The second chapter, “Fixing Faces,” centers on plastic surgery, prosthetic sculpture, medical illustrations, atrocity photography, modern art, beauty makeup, and star acting. In this chapter, Lubin tries to trace the ways World War I and its effects – in particular the disfigured soldiers’ faces – were depicted in visual media, as well as the ways they were responsible for the paradigm shift regarding beautification in the United States after World War I. Additionally, Lubin is interested in the modernists’ attraction to masks. The injured soldiers and, in particular, “les gueules cassées“ (the broken faces) caused by trench warfare play a central role in this chapter. In order not to have a demoralizing effect on their fellow soldiers once they returned to war, and in order to be able to work, be part of their families and society again once they got home, plastic surgery or masks were used to rebuild the soldier’s faces, which no longer resembled those of the male heroes portrayed by the interventionists’ posters and paintings. The disfigurements and injuries were so severe that they were used in visual media, especially by the countries, which didn’t win the war – to show the atrocities of war and cruelty of mankind. Examples of this can be seen in Ernst Friedrich’s book “War against War!” (1924) or in artists’ works such Otto Dix’ drawing “Wounded Soldier” from 1916 or Georg Grosz’ drawing “The Hero” from 1932. However, surgeons such as Harold Delf Gillies (via surgery) and artists such as Anna Coleman Ladd (via tin and copper masks) managed “to make a man’s face as near as possible to what it looked like before he was wounded” (p. 66), which made masking (such as plastic surgery or cosmetics) more and more acceptable and accelerated a paradigm shift in the United States regarding beautification. For Lubin, Greta Garbo, whom he discusses in detail, is also a face of war. He claims that her success is, in part, a result of her face – as exemplified in the iconic photography by Edward Steichen for the “Vanity Fair” magazine in 1928 – which has a godlike exterior (which is a tragic mask) and a pain-ridden interior and thus represents what Americans (consciously or unconsciously) felt after World War I. In the same vein, Lubin argues that Steichen’s photography is “a mourning picture” (p. 44), a “war memorial, a testament to loneliness and alienation, beauty and death, and the inevitable loss of ideals” (p. 44) after World War I.

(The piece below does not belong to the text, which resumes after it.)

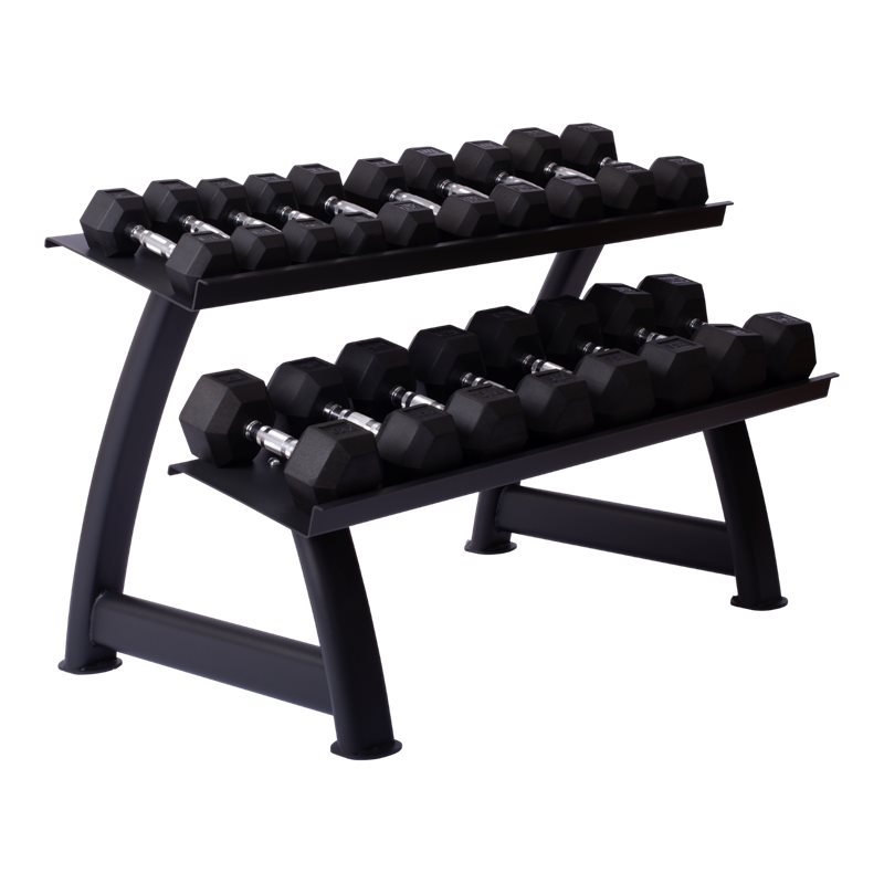 - Professionellt hantelställ Art. 68-50045B: Robust och stabilt ställ med två hyllplan för säker förvaring.

With regard to beautification, David M. Lubin’s book “Flags and Faces” is an interesting addition to works such as Sander L. Gilman’s “Making the Body Beautiful: A Cultural History of Aesthetic Surgery” or Elizabeth Haiken’s “Venus Envy: A History of Cosmetic Surgery”1, insofar as it focuses on and adds the visual media-perspective. However, Lubin’s book would have benefitted from fewer examples (and a more convincing explanation for the choice of some of his examples such as Wall Street) and more in-depth analyses. Furthermore, it would have been desirable to have gender anxiety, which according to Lubin is the common theme in both chapters, carved out more clearly – especially in the second chapter. Additionally, some of Lubin’s analyses can be seen as too speculative, for example, when he claims that “Steichen’s photograph seems to show it blazing in her eyes” (p. 62) that Garbo never surrendered the “hard, gimlet-eyed realism” (p. 62) she encountered while working in Germany. The same holds true for the mask-issue, which Lubin addresses in the second chapter. However, “Flags and Faces” can be seen as an interesting and brief introduction to America’s visual culture in the context of World War I. It certainly creates interesting connections while leaving room for future research in this field of study.

Note:
1 Sander L. Gilman, Making the Body Beautiful. A Cultural History of Aesthetic Surgery, Princeton 2000; Elizabeth Haiken, Venus Envy. A History of Cosmetic Surgery, Baltimore 1997.